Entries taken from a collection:

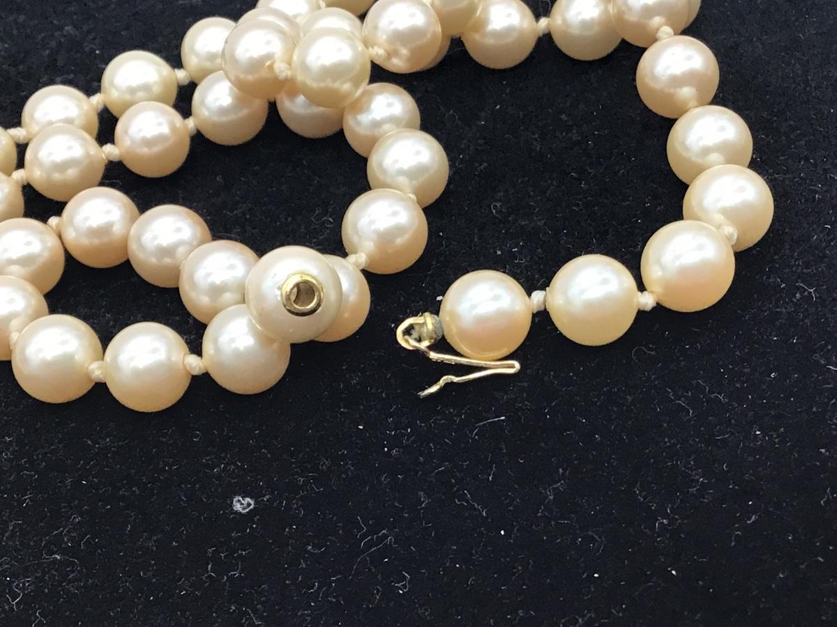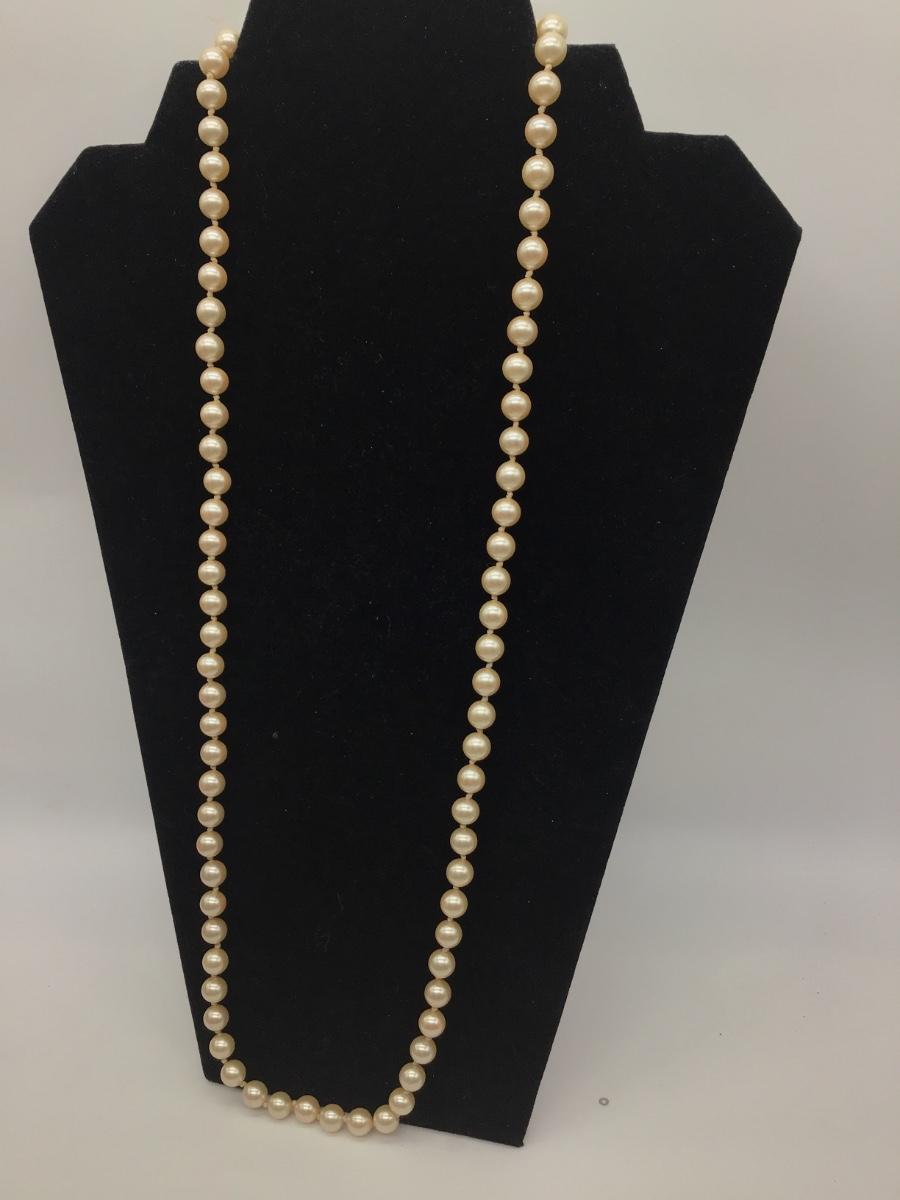 Vintage Jewelry Faux Pearl Light Gold Champagne Matinee Knotted Necklace
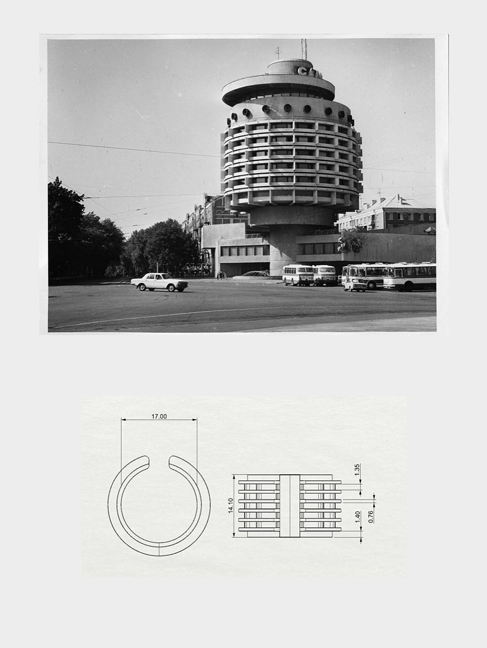 Кільце і каф Saluit повторюють ритм консольних поверхів модерністського готелю «Салют» на вулиці Мазепи в Києві.
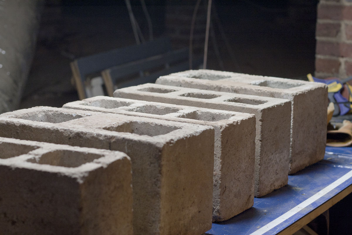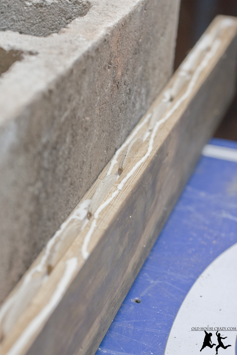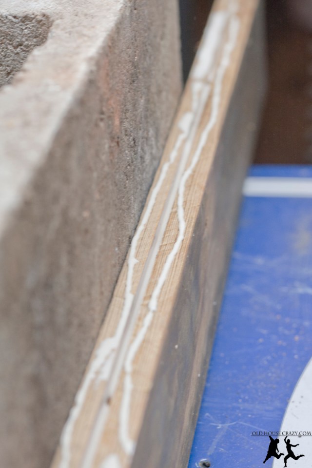 The series of photos below shows what I did after the grooves were cut into each of the 8 work pieces (glued together, they make four 15″ deep shelves). I set up cinder blocks to support the boards and allow me to add weight in lieu of clamps. It’s much more effective and professional to use clamps. They’re also expensive. I mean, it’s not bad to go buy one clamp, but I’d need at least 8 for this job.
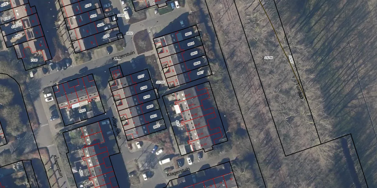Het perceel waarop Klagerstuin 42 staat heeft een oppervlakte van 872 m². Dit is een groot perceel. De perceeloppervlakte wordt geregistreerd door het Kadaster. Gedetailleerde informatie over de maten van dit perceel kunt u vinden in het rapport Kadastrale kaart met maatvoering van Klagerstuin 42.
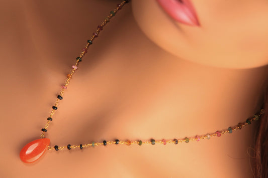 Drahtumwickelte Kette mit natürlichem Multi-Turmalin und langem Tropfenanhänger aus orangefarbenem Karneol, handgefertigte Halskette aus 18 Karat Gold Vermeil
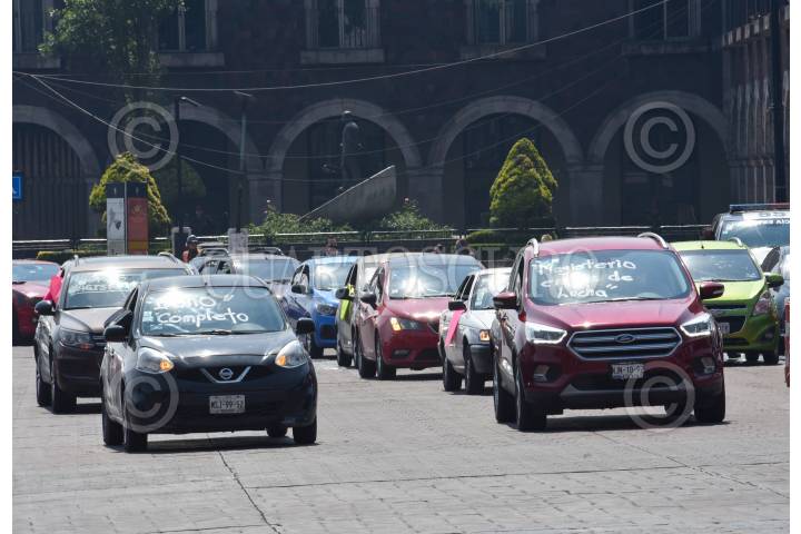 En el marco de la celebración del Día del Maestro, algunos docentes salieron en sus carros a manifestarse y exigir el pago de su bono completo, con cubrebocas, mascarillas y su sana distancia gritaron consignas frente a Palacio de Gobierno. FOTO: CRISANTA ESPINOSA AGUILAR /CUARTOSCURO.COM
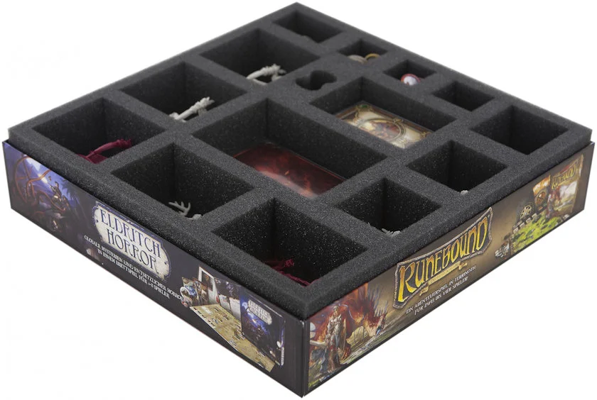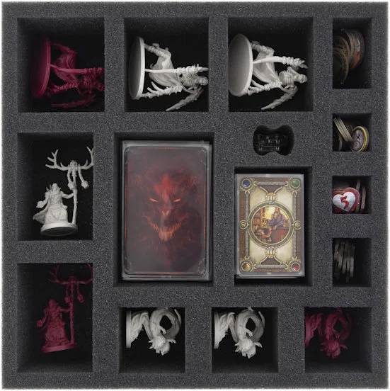 A further seven compartments provide a quick overview and prevent a time-consuming mix up of the other components. There are two compartments of different measurements for both card sizes. Tokens can be clearly sorted into the other compartments. Map tiles can be put beneath the foam tray. This will cause the box cover to protrude slightly.
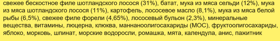 На первой позиции – освобожденное от костей филе лосося. Далее расположен батат – сладкий картофель, количество которого не указано. В кормосмесь включили три вида рыбной муки, филе форели, лососевый бульон. По аминокислотному составу и гипоаллергенным свойствам корма из высококачественной рыбы превосходят мясные продукты.
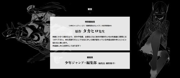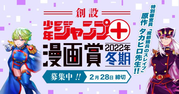 集英社宣布由今年2月开始举办的「少年Jump+漫画赏」的冬季时段开放招募稿费,并宣佈今次的特别审查的漫画家身份。
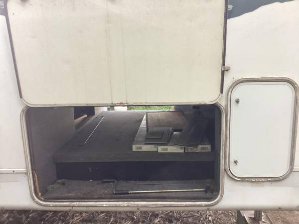 As you walk into the camper you will find 2 custom-ordered, leather Lazy Boy chairs with a small built-in table between them. No stains. Rips, Wear. There is a table with two benches that is only 3 years old. Both bench seats got a small slit in them during our first use (Poor stitching from the manufacturer). We taped them with Gorilla tape and have had no problem since. The unit came with a table and 4 chairs, but they were disgusting, so we put this in for more sleeping area. It makes out to sleep someone 5’6” or less, comfortably or two smaller children. We have also had children or teens sleep happily in the lazy boys. The couch sits very sturdy. It pulls out to a double sized bed to sleep one or two adults. We have a 4” Blue Memory Foam mattress topper in the box under the main bedroom bed, for the sofa sleeper. It looks purple but the brand is BLUE. It makes a world of difference in the comfort level of sleep anyone will get on this mattress and bed set up. There are cupboards and storage galore around the top of the seating and eating area. We assigned one per child, so no suitcases had to come in.
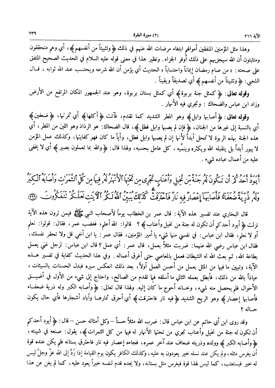 - 266 - أَيَوَدُّ أَحَدُكُمْ أَن تَكُونَ لَهُ جَنَّةٌ مِّن نَّخِيلٍ وَأَعْنَابٍ تَجْرِي مِنْ تَحْتِهَا الْأَنْهَارُ لَهُ فِيهَا مِن كُلِّ الثَّمَرَاتِ وَأَصَابَهُ الْكِبَرُ وَلَهُ ذُرِّيَّةٌ ضُعَفَآءُ فَأَصَابَهَآ إِعْصَارٌ فِيهِ نَارٌ فَاحْتَرَقْتُ كَذَلِكَ يُبَيِّنُ اللَّهُ لَكُمُ الْآيَاتِ لَعَلَّكُمْ تَتَفَكَّرُونَ
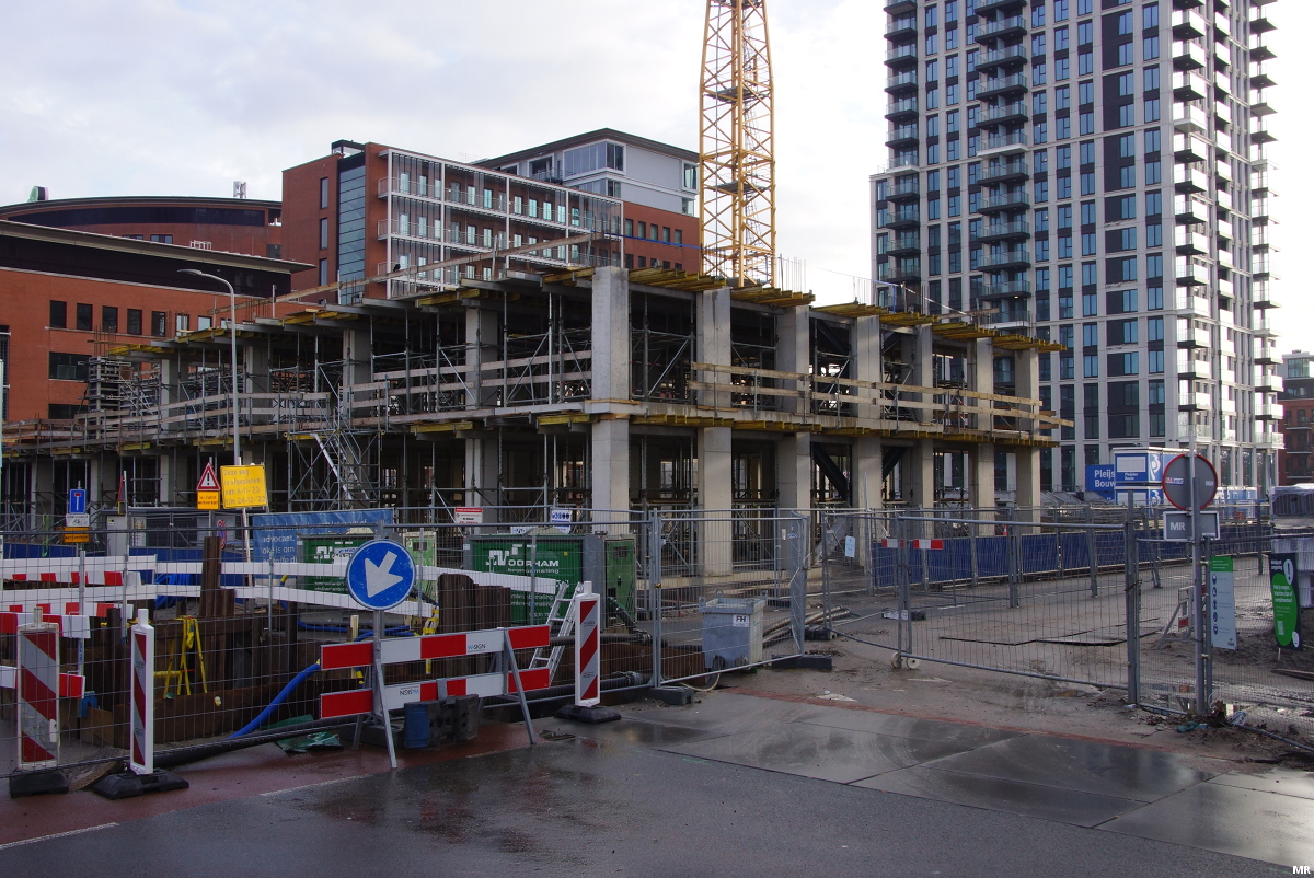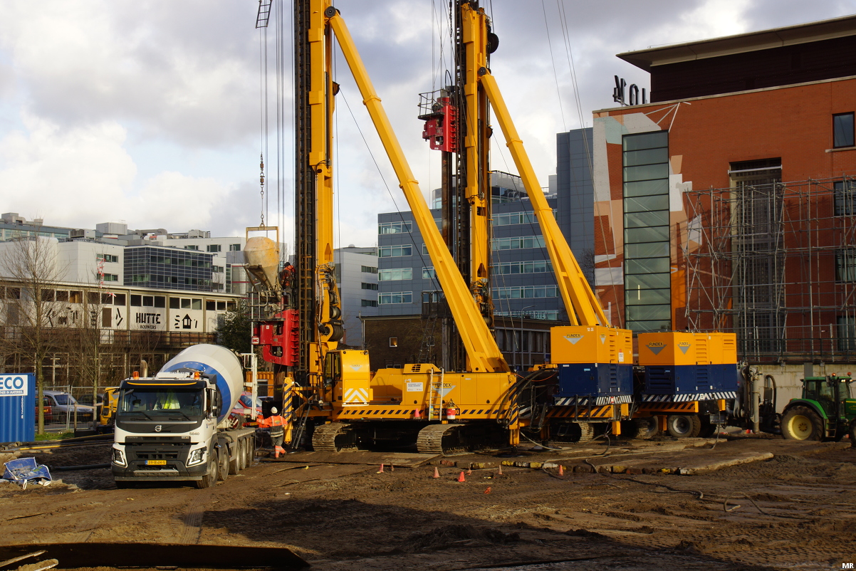 Grondwerkzaamheden ten behoeve van woontoren One Milky Way in de Binckhorst. In oktober stond hier nog een parkeergarage, nu zitten de eerste heipalen al in de grond.
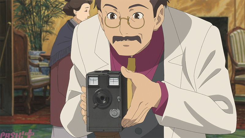 白土「横浜のゲーテ座で若林が持っているカメラは、明治37年に発売された「チャンピオン手提暗函」をモデルにしています。日本の国産カメラの中でも最も古いものの一つで、日本カメラ博物館様のご協力で実物を撮影させて頂きました。しかし、実際にどうやって持って撮影するかなどはよく分かりません。そこで構造や形状が近そうな当時のカメラ「Brownie No. 2」などの資料から、持ち方や撮影の仕方などを推測しました」
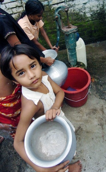 图三:一名孟加拉小女孩在街边的一处水泵旁等待接水
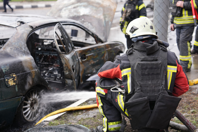 Рятувальник гасить пожежу в автівці, яка сплахнула внаслідок удару РФ біля Центрального парку у Харкові, 3 квітня 2026 року. Суспільне Харків/Олександр МанченкоПоруч розташована лікарня. Вона так само пошкоджена. Зараз наші служби будуть зашивати вікна для того, щоб ліквідувати наслідки.
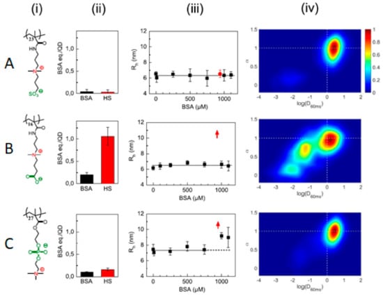 (A) Sulfobetaine (SB)-, (B) carboxybetaine (CB)-, and (C) phosphorycholine (PC)-based polymers (i) and their interactions with BSA and human serum (HS), as probed by a fluorescamine test (ii), size analysis by fluorescence correlation spectroscopy (FCS) (iii), and mobility profiles in the cytosol (iv). Reprinted with permission from reference [58]. Copyright (2019) Elsevier.
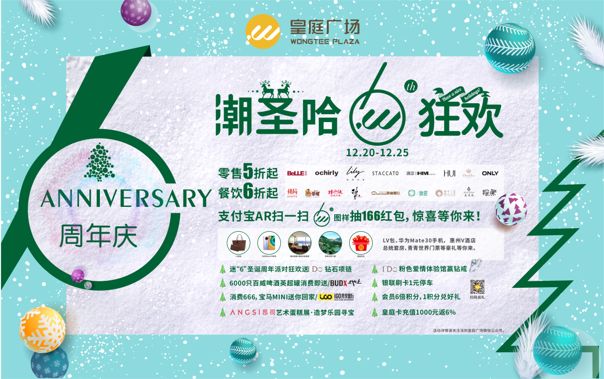 六周年慶期間,深圳皇庭廣場攜手場內(nèi)200余家優(yōu)質(zhì)商戶、銀聯(lián)等進行資源合作,并通過自有小程序,組合線上引流包,啟動支付寶AR掃碼抽LV、華為手機、166元現(xiàn)金紅包及商戶百萬代金券驚喜;網(wǎng)紅餐飲、時尚零售折扣低至冰點;更有迷“6”周年派對狂歡送百萬好禮,寶馬MINI送回家等驚喜活動,期待與你在皇庭的光影空間里拉近距離,一起吃喝玩樂,嗨購潮玩,6周年的故事期待有你參與!
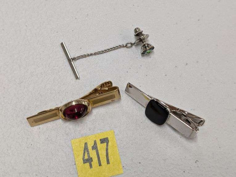 LOT 417 - Anson Gold Filled and Lamure Sterling Tie Clasps
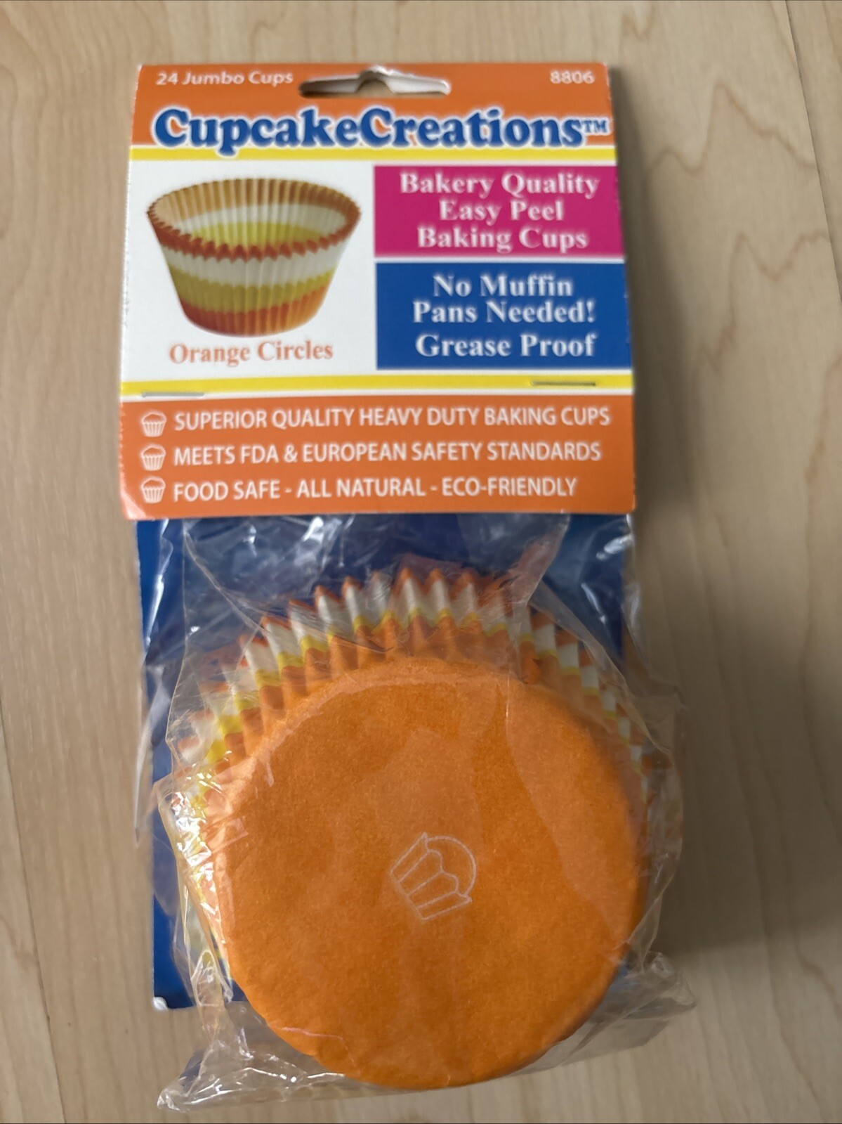 CUPCAKE CREATIONS JUMBO LINERS ONE SET “RETRO” with 25 liners ONE SET “ORANGE CIRCLES” with 24 liners Brand new!
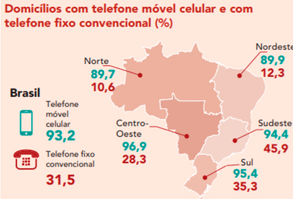 | Dados do IBGE reiteram a presença dos smartphones na casa dos brasileiros e o desuso dos telefones fixo convencionais. |
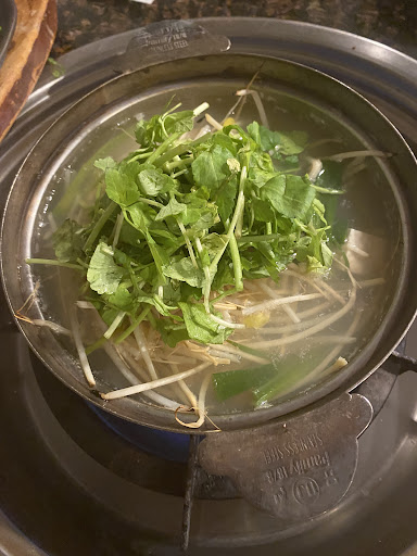 First came all the sides including the banchan, steamed eggs, veggies pancakes, scallops. Everything tasted good. I liked the scallops. Then came the monkfish sashimi. That was fresh. Monkfish sashimi has more of red snapper feel in my opinion. Then came the fried monkfish whole. That was very tasty and crispy. Fried monkfish (in fish and chip style) served with sweet and sour sauce. The sauce was a bit too sour for me. Monkfish stir fried with bean sprouts. I wasn't a fan of this dish. Just way too much bean sprouts and this weird tasting round thing that tasted like medicine. Last was the soup which we opted upgrading to the puffer fish soup. They cook the soup at the table. That was good too not too fishy. We were running a bit late for the comedy show so we asked for the check. Which we learned the final final dish is fried rice. They use the remainder of the soup, add purple rice, seaweed and sesame oil and cook it at the table. That was good too but we were full and in a hurry so we took most of the rice togo.
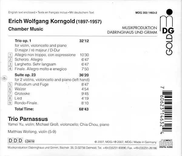 | Wykonawca | Erich Wolfgang Korngold | Trio Parnassus | Matthias Wollong |

▶ [WORK TASK]
Out of the records above, return only the lines from the one with "Het perceel waarop" through the one with "Drahtumwickelte Kette mit", exactly, and none of the pictures.

▶ [EXERCISE SOLUTION]
Het perceel waarop Klagerstuin 42 staat heeft een oppervlakte van 872 m². Dit is een groot perceel. De perceeloppervlakte wordt geregistreerd door het Kadaster. Gedetailleerde informatie over de maten van dit perceel kunt u vinden in het rapport Kadastrale kaart met maatvoering van Klagerstuin 42.
 Drahtumwickelte Kette mit natürlichem Multi-Turmalin und langem Tropfenanhänger aus orangefarbenem Karneol, handgefertigte Halskette aus 18 Karat Gold Vermeil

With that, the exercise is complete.